In the summer, well-cleared alpine pastures, forests and rocky slopes absorb the energy of the sun’s rays much better than in winter. In their vicinity and especially on the sunny slopes, from early morning, the air warms up, becomes lighter and forms the upward drafts that paragliders seek and which suck in the air from the vicinity. In the valleys too, the sunshine has warmed the air and allowed a certain agitation of this air. Towards midday, the morning katabatic wind that may be present on the slopes is then replaced by an updraft, called anabatic wind, which is much less localized in the combes than the katabatic wind. Its main effect, combined with the turbulent agitation that reappears with the day, is to renew the air in the valley, cooled during the night, and prevent the formation of an inversion layer.

The slopes of the mountain massifs that surround a valley have different orientations, which implies different schedules for the alternation between the morning katabatic wind and the later anabatic wind. On the other hand, these slopes can be gentler on one side and steeper on the other. When the valley widens, this can give rise to horizontal winds that have neither the same direction nor the same speed, and which can be located in layers one above the other. This can result in some stratification of the air in these valleys (Read: Stratification and Instability in Natural Fluid Environments).

5. Other examples of inversion layers

Figure 6. Diagram of a warm front advancing over the ground, accompanied by a frontal inversion layer. [Source: https://www.meteocontact.fr/pour-aller-plus-loin/les-inversions-thermiques].
When a large mass of warm and generally humid air advances over a territory, its interface with the colder air initially present is called a warm front. Lighter than the cold air, the warm air passes over it, as shown in Figure 6. This front thus gives rise to an inversion layer that will accompany it during its advance and until it is destroyed. This is called a frontal inversion layer.

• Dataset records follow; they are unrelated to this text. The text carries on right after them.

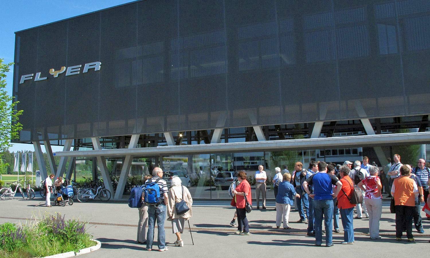 Der Schweizer Elektrovelo-Pionier. Die Flyer-Elektrovelo sind robust, zuverlässig, einfach in der Handhabung und werden in Huttwyl in einem der ersten Minergie-Fabrikgebäude der Schweiz fabriziert. Man mag der Meinung sein, dass sie nicht zu den schönsten Elekrovelos zählen, aber: Gut und unglaublich zuverlässig sind sie, und das ist sehr viel wert.Wir arbeiten mit Flyer seit 1998, als Flyer noch das Start-Up-Unternehmen der drei Flyer-Buben war. Wir kennen also den Classic Flyer, den avantgardistischen F-Flyer und natürlich alle Modelle mit dem Panasonic-Motor bestens (können sie flicken und haben auch noch immer Ersatzteile). Mit Stolz blicken wir auf den Winter 2001 zurück: Hans und Kurt retteten Flyer aus den damaligen Schwierigkeiten und baten uns um ein Darlehen, damit der Betrieb einfacher durch den Winter kommt, was wir natürlich gewährten (Heute wäre wir da mit unseren Möglichkeiten keine Hilfe mehr.).
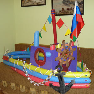 В общем-то, можно было бы обойтись и без корабля, а воспользоваться воображаемым, но так гораздо эффектнее. Построили мы его из большой коробки и noodles - такие мягкие палки для плавания в бассейне, уж и не знаю, как они называются. Сделали из картона якорь с цепью, штурвал, трубу, флажки на мачте, все, как положено. Капитан "надевает" коробку себе на плечи, руки - в иллюминаторы - крутить штурвал, остальные придерживают корабль за борта, так все и движется. На поворотах было сложновато, а так - хорошо. Капитан был один - именинник, но рулевыми все были по очереди. Капитан прошел ускоренный спецкурс с помощью мамы и м/ф про капитана Врунгеля, так что команды вроде "Отдать якорь! Без паники!" отдавал уверенно.
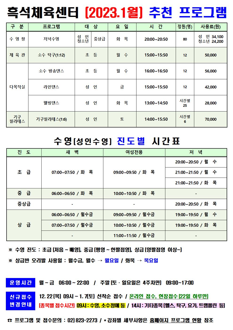 흑석체육센터 흑석체육센터 (2023.1월) 추천 프로그램 안내 작성자 흑석체육문화센터 작성일 2022년 12월 14일 14시 20분 16초 조회 924 1월 프로그램 안내(흑석)신규001.jpg [ Size : 204.35KB , Down : 568 ] 미리보기 다운로드 목록보기
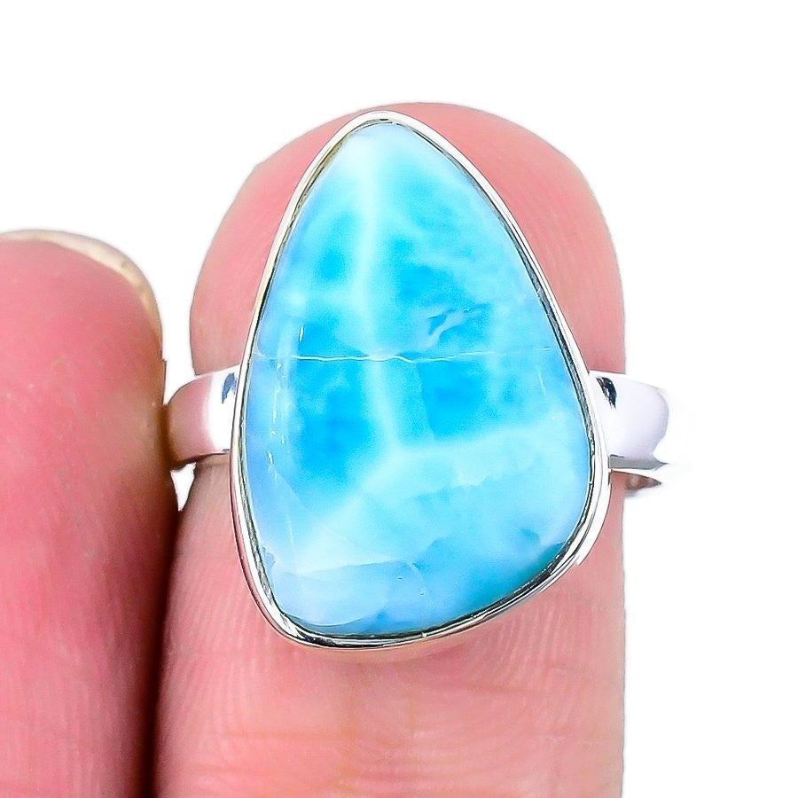 Natural Republic Larimar 925 Solid Silver Wedding Statement Band Ring Jewelry
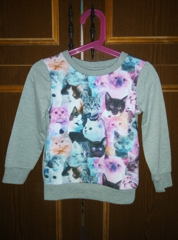 Свитшот с котиками - моя любовь, схватила сразу, у самой есть несколько подобных кофт, будем с дочкой щеголять. 284р
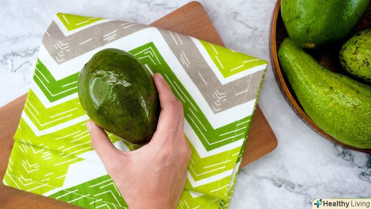 Визначте, чи дозріло авокадо, по його нерівній шкірці. щоб з'ясувати, чи дозріло авокадо, можна помацати і оглянути його. У стиглого авокадо темно-зелена горбиста шкірка. Нестиглі фрукти мають більш світлу і гладку зелену шкірку. Огляньте і обмацайте авокадо. Після цього спробуйте злегка здавити його. Стиглі фрукти щільні, але податливі. Якщо авокадо тверде, воно не дозріло.[1]- Стигле авокадо необхідно з'їсти протягом 1-2 днів.
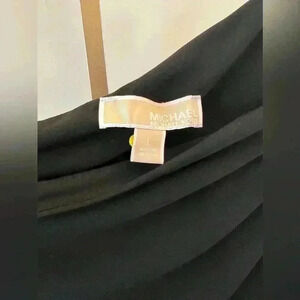 Turn heads at your next event with this stunning MICHAEL Michael Kors one-shoulder cocktail dress. The sleek black fabric, a blend of polyester and spandex, hugs your curves in all the right places, while the asymmetrical design adds a modern twist. Ruched detailing enhances the silhouette, creating a flattering and sophisticated look. Perfect for any party or cocktail occasion, this knee-length dress ensures you make a memorable entrance. This pre-owned piece is in excellent condition, ready to bring elegance to your wardrobe.
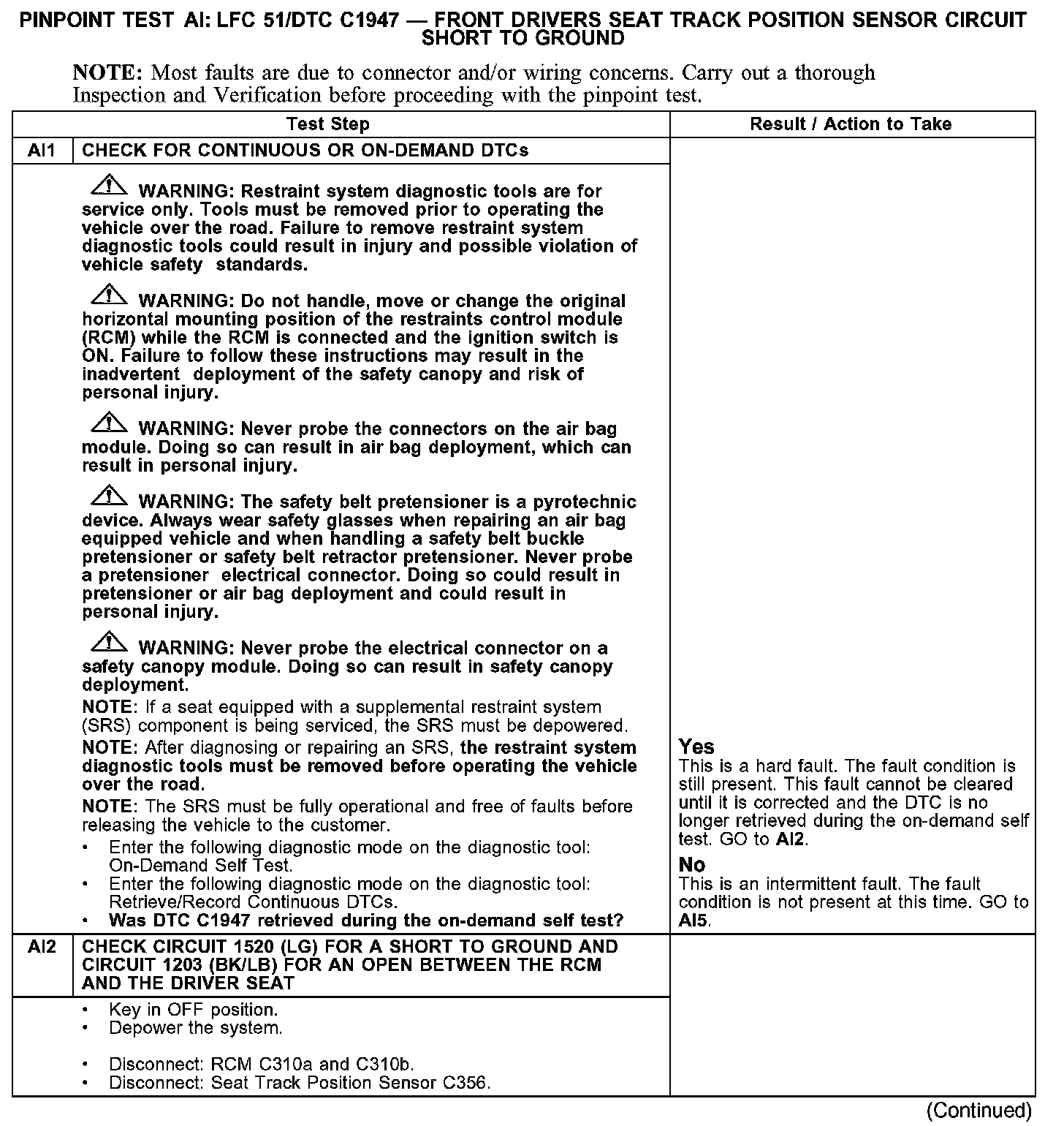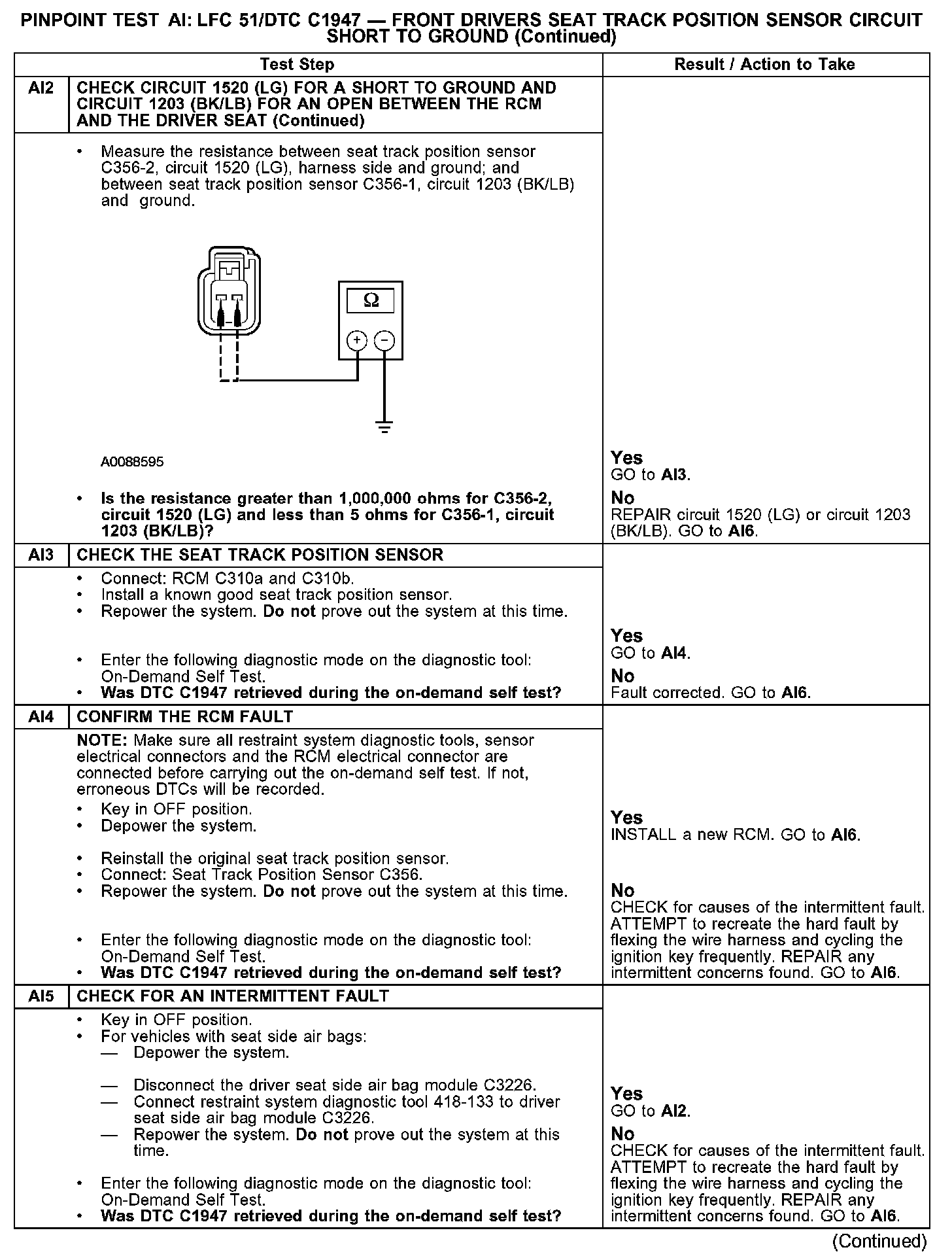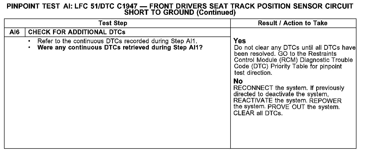 PINPOINT TEST AI: LFC 51/DTC C1947 - FRONT DRIVERS SEAT TRACK POSITION SENSOR CIRCUIT SHORT TO GROUNDAI1-AI2:

The tropopause, located above the troposphere at an altitude of about 12 km, is a very special inversion layer, characterized by a halt in temperature decline before further growth in the stratosphere. It is a transition zone between the troposphere, dense enough to be subject to upward heat transport by convective motions, and the stratosphere, where the air is too rarefied to transport heat well by convection. It is described in the article The Earth’s atmosphere and gas envelope. It is the absorption of ultraviolet radiation from the sun that becomes predominant in the stratosphere, where it causes chemical reactions that convert oxygen (O2) into ozone (O3) by releasing heat. As a result, the temperature rises again, from around -56°C in the tropopause to values close to 0°C at altitudes above 50 km.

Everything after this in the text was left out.